A post Wednesday from Matthias Pfefferle, a developer at WordPress.com’s parent firm Automattic, explains that this goes beyond previous one-way sharing options such as the Twitter-sharing tool the company dropped in April after steep hikes in Twitter API-usage charges.

“Your WordPress blog can now become a profile for the fediverse,” Pfefferle says. And not only does the blog post get published to Mastodon and elsewhere, replies from fediverse readers make it back to the original post “as comments on your blog post, creating a synchronized and interactive experience.”

This feature is already available in the free and two cheaper paid versions of WordPress.com, while two higher-end commercial options require installing the ActivityPub plug-in. That add-on is also available for sites running other versions of WordPress–which means some 43% of sites can, in theory, adopt it.

Activating this requires a click of an “Enter the fediverse” button in the Discussion settings–under the Settings menu in the left-hand rail in your admin dashboard.
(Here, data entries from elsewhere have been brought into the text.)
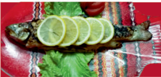
Пъстърва на плоча 4 Pan-fried scad Trout cooked on griddle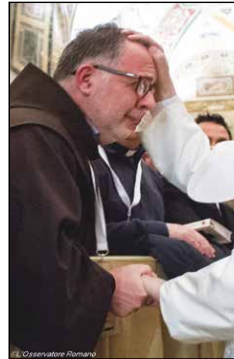
Les missionnaires de la Miséricorde envoyés aux quatre coins de la planète, reçus par le Pape au Vatican.

Dans l'actualité de la semaine au Vatican, signalons tout d'abord que c'est le cardinal italien Gualliero Bassetti, archevêque de Pérouse, que le Pape François a chargé de rédiger les méditations du chemin de croix de cette année. Elles seront lues en présence du Pape lors du chemin de croix du Colisée, le vendredi-Saint (25 mars). Le cardinal indique qu'il a choisi, lors des 14 stations du chemin de croix, le thème de la souffrance de l'homme d'aujourd'hui, de la famille et des persécutions, avec comme fil conducteur l'amour et le pardon. Vendredi à midi, le Pape a rencontré, au Vatican, les membres du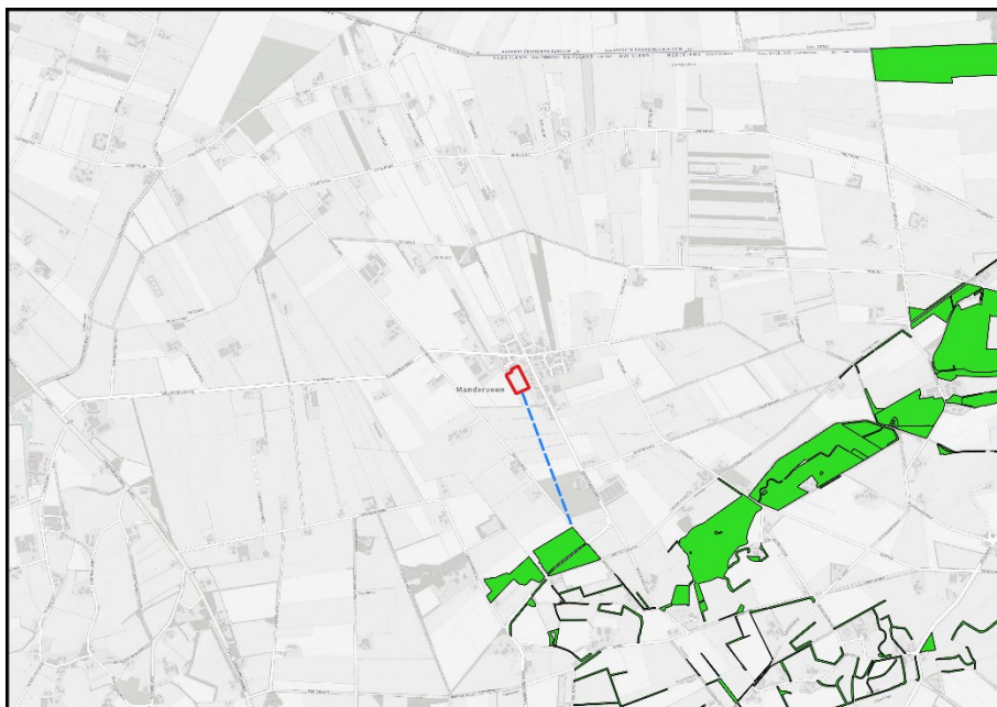
Figuur 5.2: Ligging van Natuurnetwerk Nederland in de omgeving van het plangebied (rode omlijning). Gronden die tot NNN behoren worden met de groene kleur op de kaart aangeduid. De minimale afstand tussen het plangebied en gronden die tot NNN behoren bedraagt 0,8 km.

Het plangebied ligt op minimaal 0,8 kilometer afstand van gronden die tot NNN behoren. Het plangebied ligt daarmee buiten de begrenzing van het NNN. In Figuur 5.2 wordt de ligging van het NNN in de omgeving van het plangebied weergegeven.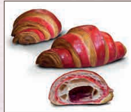
Croissant frutti di bosco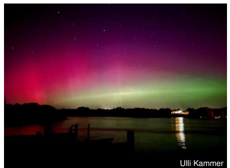
Polarlichter über Oeverdiek am 12.10.2024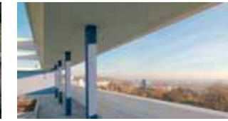
Blick vom Haus Le Corbusier in der Stuttgarter Weissenhofsiedlung: Sie ist ein zukunftsweisendes Modell für das Wohnen des Großstadtmenschen. (26)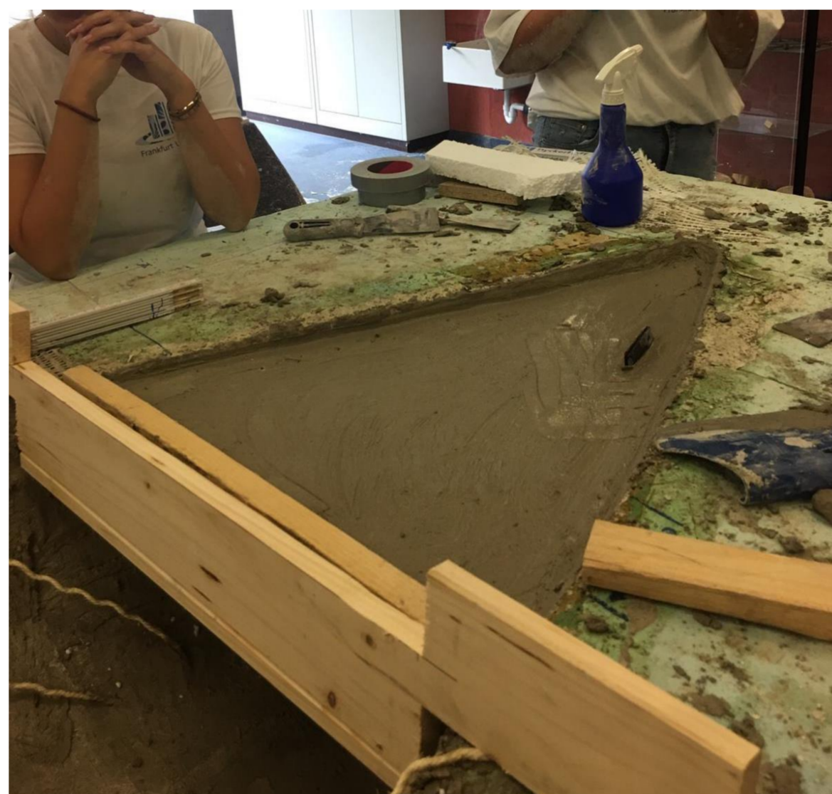
Frisch-in-frisch-Betonage der Aussteifungen an Heck, Bug und Kanumitte. Die Aussteifungen wurden mit EPS-Platten geschalt.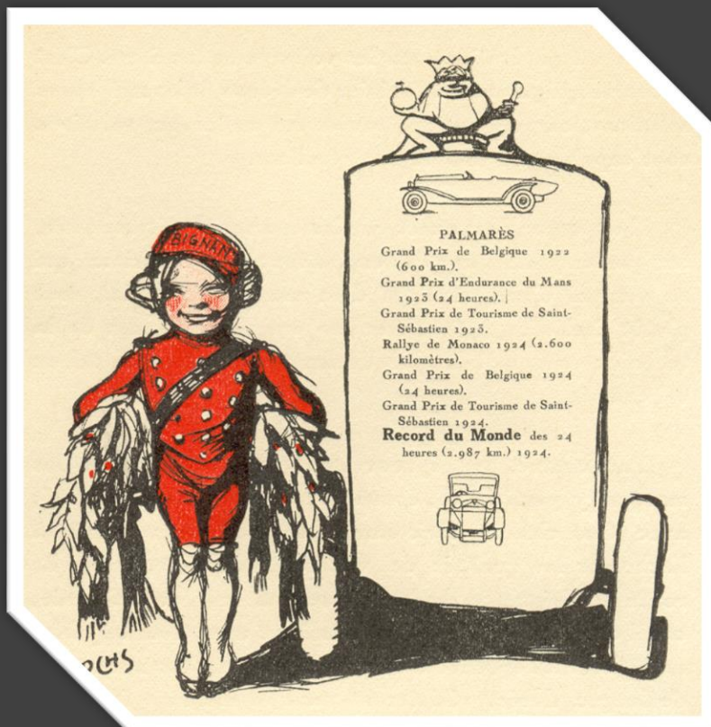
Dessins extraits d'un catalogue d'époque vantant les mérites des productions Bignan

You should then see a long and somewhat awkward fediverse identifier, consisting of two copies of your blog’s domain name separated by an @ symbol, which you can then copy to share from your own Mastodon or other ActivityPub account.

When I tried this with my ownWordPress.com-hosted blog, however, that identifier lacked the required @ prefix that would left it recognizable to Mastodon clients as a fediverse presence: “robpegoraro.com@robpegoraro.com,” instead of “@robpegoraro.com@robpegoraro.com.”

As I said, somewhat awkward. But once I edited my Mastodon post announcing this option to correct that handle, my blog self appeared as just “@robpegoraro.com.”

That profile shows a creation date of April 5, 2011 (almost five years before Mastodon’s 0.10 debut, that’s when I opened my WordPress.com account so I’d have someplace to announce my imminent exit from The Washington Post) and approximately 1,300 posts (I have written a lot there in my free time, but only new posts I publish on my blog will appear under this Mastodon account). Clicking a “Browse more on the original profile” link takes me back to the blog itself.

Mastodon took an early lead among Twitter alternatives after Elon Musk’s takeover of Twitter and subsequent chaotic stewardship of the company now called "X" began alienating some of that service’s longtime users. The invite-only Bluesky has since begun attracting its own set of Twitter refugees with a simpler interface than Mastodon and its own decentralized architecture. Yet another option, Meta’s Threads, operates as a traditional centralized network but plans to connect to the fediverse via ActivityPub later on.